Dann haste Fehler im Arztsystem, die haben genügend Geld, können es aber selbst verteilen. Und in den Entscheidungsgremien sind Fachärzte aus reichen Städten mit viel Privatpatienten überrepräsentiert. Die haben die Privathonare und noch die Kassenhonorare.
Dabei müssten sie aber die Honorare bei den Fachärzten, den Apparatemedizinern, in den Städten mit viel Privatpatienten kürzen (jeder der überhaupt noch Arzt werden will, will sich in ner Stadt niederlassen) und die Honorare auf dem Land, und die aller Allgemeinärzte erhöhen. Das Problem ist, dass Allgemeinmediziner und auch Fachärzte aus der Provinz keine Zeit haben sich in solchen Organisationen zu engagieren, deshalb ist die mMn wichtigste Medizinergruppe unterrepräsentiert und in Folge unterfinanziert.
So jetzt aber auch noch zu den Pat., also praktisch uns allen. Ich hab so oft Pat. die Diabetes hab, und die ich zu ner anderen Ernährung oder Sport überzeugen will, und als Antwort kommt: ach da spritz ich mir einfach ein bißchen mehr Insulin. Dabei hatte ich letztens erst wieder einen immer noch übergewichtigen Patienten, der einmal die Woche 1-1,5h Sport in ner Diabetesgruppe betrieb, und jetzt im Krankenhaus, trotz Bewegungsmangel und nicht verringerter Ernährung plötzlich kein Insulin mehr brauchte.

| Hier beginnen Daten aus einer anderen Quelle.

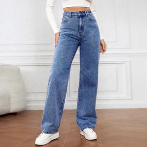 Step out in style with these wide-leg jeans, crafted from 100% cotton for a comfortable fit that moves with you. With a mid-rise waist and a straight fit, they offer a classic yet vintage look perfect for any casual outing. The washed medium color gives them a worn-in, lived-in feel, while the wide-leg cut adds a relaxed, effortless touch.
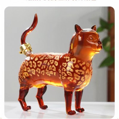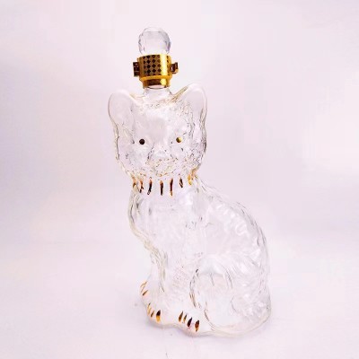 河间华企生产十二生肖酒瓶小猫造型玻璃工艺酒瓶

Meiner Meinung nach hätten wir keine Probleme im Gesundheitssystem wenn jeder sich nur mal zwangsweise 1,5-2h in der Woche sportlich betätigen muss, und auf sein Gewicht achten (gar nicht erst übergewichtig werden, weil es dann oft, vermutlich genetisch bedingt, nicht mehr wegzubekommen ist). MMn sollte man für jedes kg Übergewicht, ein-zwei Promille höheren Krankenkassenbeitrag zahlen (natürlich bis zu ner höchstgrenze von vllt. 8-10%). Erlassen wird der Betrag wenn man nachweist dass man sich aktiv um ne Gewichtsverringerung bemüht, z.B. durch Sportvereinsteilnahme mit Anwesenheitsstempel, auch wenn das nicht klappt. Bei 25% der Menschen mit Diabetes mell. Typ2 funktioniert Sport aus unerfindlichen Gründen nicht.
Belohnungssysteme der Krankenkassen für sportliche Aktivität und gesunden Lebenswandel und Einhalten von Vorsorgeterminen werden ja jetzt langsam ausprobiert. Das muss zunehmen, lukrativer werden und bekannter werden.